There are some things you will need to consider when deciding if the S corporation structure is right for your business.

  • An S corporation allows the owner of the business to be taxed on a portion of the business profit.
  • While you pay fewer taxes, the IRS may look more closely at your taxes since your overall tax liability will be reduced.
  • Your business profit will be separated into two categories: shareholder's wages and distributive share.
  • Since an S corporation operates as a pass-through tax entity, the owner may still face tax rates as individuals.
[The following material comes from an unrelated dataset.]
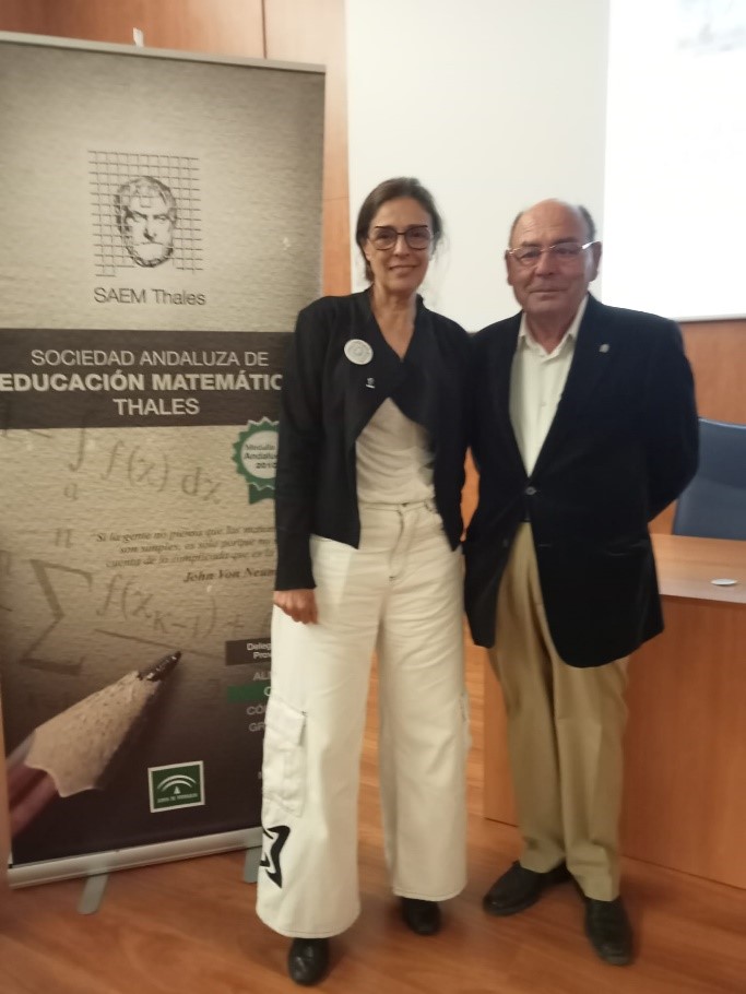 Ana Garcia López (THALES) y Manuel Morilla Jarén (TARTESSOS) durante el acto en la Universidad de Cádiz)

This amount may vary depending on how much participation they have in the business.
  • Active shareholders will be expected to participate in the daily activities of the business.
  • An owner of an S corporation will most likely be paid a salary which will be taxed for FICA at the payroll level.

Considerations for Salary

There are many things that will be considered when determining an owner's salary. Some things that may affect the level of tax paid include:

  • The owner's duties and responsibilities.
  • Their training and experience.
  • The amount of time they devote to business affairs.
  • The wages that are paid to non-shareholder employees.
  • The dividends that stockholders receive.
  • The amount other businesses would pay for similar employment services.

In essence, shareholders of an s corporation will end up being taxed on what should be their portion of the business profits, whether they received those dividends or not. Additionally, a shareholder in an S corporation will be allowed to receive distributions that are not taxed as long as the amount does not exceed their cost basis in the S corporation.